Like the Met Office’s approach, using AI for attribution analysis means forecasting extreme events under real-world and fictional pre-industrial conditions to compare the difference, but it can be done much quicker, says Jimenez-Esteve. “It’s at least two orders of magnitude faster than a conventional operational weather model.”
Together with colleagues, he ran the AI-enabled approach on three past extreme events: the 2018 Iberian heatwave, Hurricane Florence, which hit the US in 2018, and Storm Ciaran, which swept through the UK and other parts of northern Europe in 2023.
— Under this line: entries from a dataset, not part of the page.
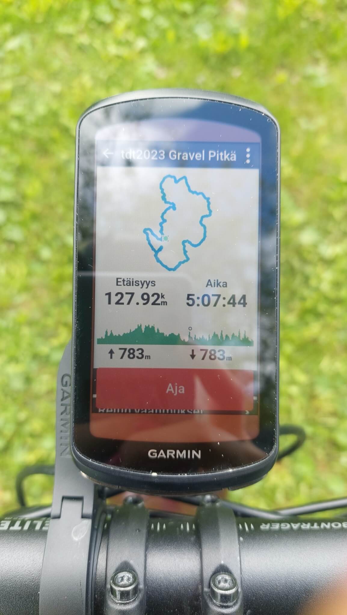 Reittejä ei ole merkattu maastoon, vaan jokainen osallistuja ajaa reitin oman gps-laitteen avulla. Mielestäni tämä oli loistava tapa järjestää tapahtuma, sillä reitin seuraaminen oli helppoa, mutta samalla sillä säästetään luontoa ja järjestäjien työmäärää. Reitti risteilee välillä asutusalueen tuntumassakin, jolloin merkkaaminen varmasti häiritsisi myös muita kulkijoita. Samalla tapahtumareittien suunnittelu olisi rajallisempaa, ja ajoja ei voisi toteuttaa näin joustavasti. Tällainen toteutustapa vaatii osallistujalta jonkinlaisen laitteen jolla seurata reittikarttaa. Itselläni oli käytössä Garminin Edge, ja tällaisena epäteknisenä ihmisenä ilahduin kuinka helposti reitti sujahti sähköpostista laitteeseen. Tuosta noin vaan! Hienoa tässä on myös se, että jokainen osallistumismaksun maksanut saa kaikkien reittien kartat, eli jokaisella on mahdollisuus ajaa useita reittejä.
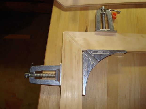 Para la parte superior del marco, puede pegar las piezas y esperar un cierre hermético o utilizar una abrazadera de marco la esquina (ver imagen). La desventaja de usar una abrazadera de la esquina es que necesitará esperar a que las piezas se sequen antes de pasar a la siguiente. Lo bueno es que vas a obtener un mejor vínculo y un marco general más fuerte.
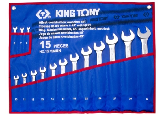King Tony ZESTAW KLUCZY PŁASKO-OCZKOWYCH ODGIĘTYCH 15cz. 6 - 32mm, ETUI
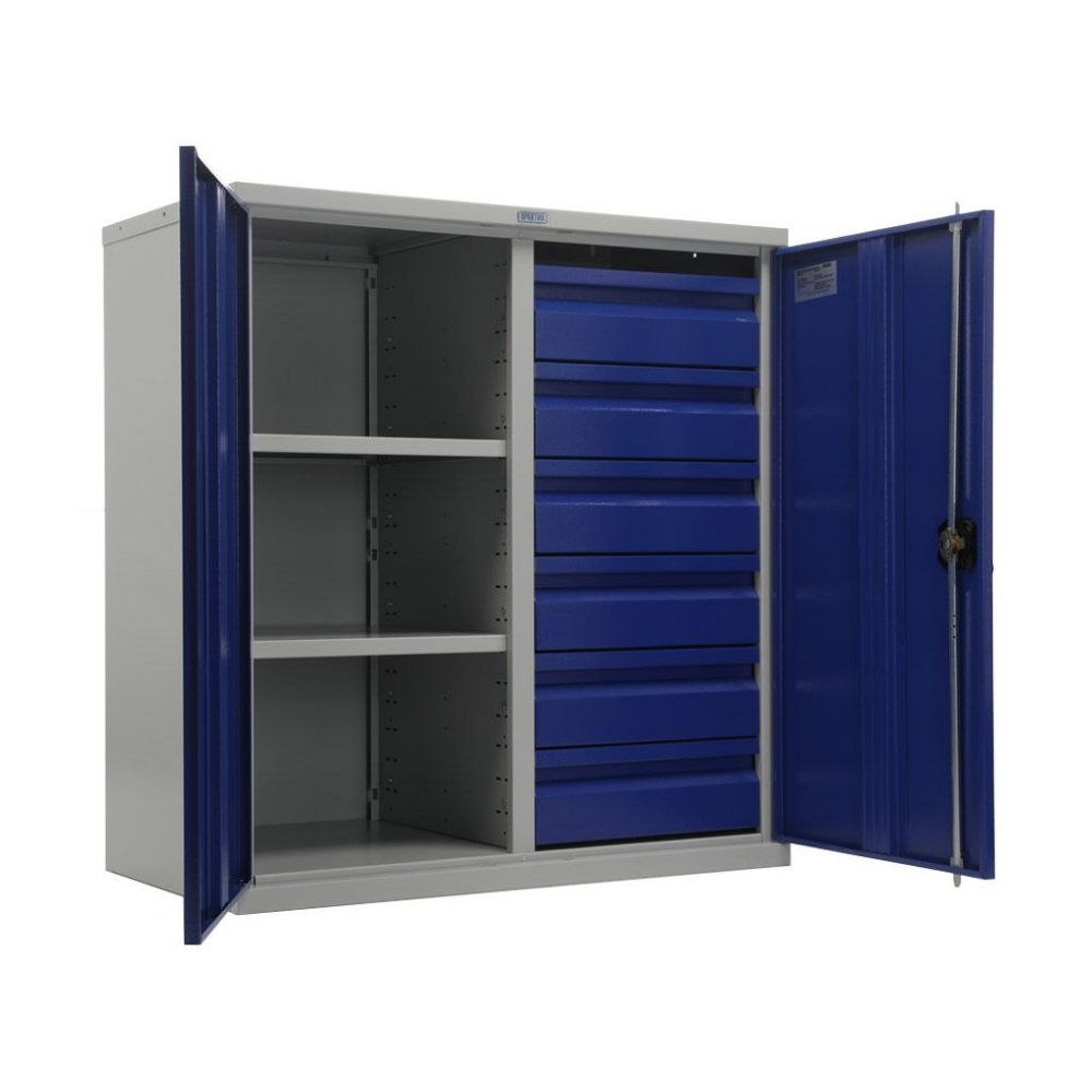 Инструментальные шкафы TC-1095 можно смоделировать и индивидуально скомпоновать под свои нужды, выбрав необходимые вам комплектующие: перегородки, выдвижные ящики, полки или перфорированные экраны.

The AI models correctly predicted that all three extreme events would occur, but underestimated their size compared to reality. The forecast-based attributions concluded that climate change made the Iberian heatwave about 1.5°C warmer than it would have been in a pre-industrial world, while Hurricane Florence was stronger, wetter and slightly larger than it would have been, and Storm Ciaran had stronger winds.
Jimenez-Esteve says the approach is currently most accurate when considering heatwaves. It is more limited for complex systems such as a tropical storm, in part because the models used to train the AIs weren’t high enough resolution to capture small scale processes such as those occurring at the centre of a hurricane.
That is one of the drawbacks of using AI systems trained on climate models, says Stott, rather than high-resolution weather forecasting models. “The dataset they are using is on a coarser grid than we would use on our weather forecasts,” he says. “So you are missing some of the details of the weather, and that could be crucial not just for forecasting, but also for the attribution.”
Storm Ciaran in 2023 was made stronger by climate change Andrew Aitchison/In pictures via Getty Images |
But Jimenez-Esteve says AI weather forecasts are rapidly improving. “This field is evolving very fast,” he says. “Only a few years ago there were not even AI models able to do weather forecasting… I could see that they will get as good as conventional weather and climate models.”
He argues this AI-based approach would allow attribution analysis to be much more widely used around the world, expanding public climate communication and improving scientific understanding of how extreme events are changing.
There is a wider issue with conducting attribution analysis on weather forecasts, says Clair Barnes at University College London, who is a member of the World Weather Attribution initiative that performs rapid attribution analyses after extreme events globally. Feedback effects from a warming world, such as rising sea temperatures or warmer soils, aren’t necessarily accounted for by weather models that just tweak atmospheric conditions, she points out, meaning they could provide an incomplete picture. “If you are only changing the atmospheric state, then you are only capturing the effects of the change in the atmospheric state,” she says.
Barnes is also concerned about forecasts backfiring if a predicted event fails to emerge. “If you are communicating an attribution result to an event that doesn’t actually happen, what does that do to people’s understanding of how people perceive the field, perceive climate change?” she says.
Nevertheless, she thinks such additions to weather forecasts could be a powerful communication tool. “The dream for forecast attribution would be to have meteorologists on the weather forecast, saying ‘there’s going to be a heatwave and it’s going to be this much worse because of climate change’,” she says. “Because when you are trying to communicate the effects of climate change to people, that kind of thing can be really powerful.”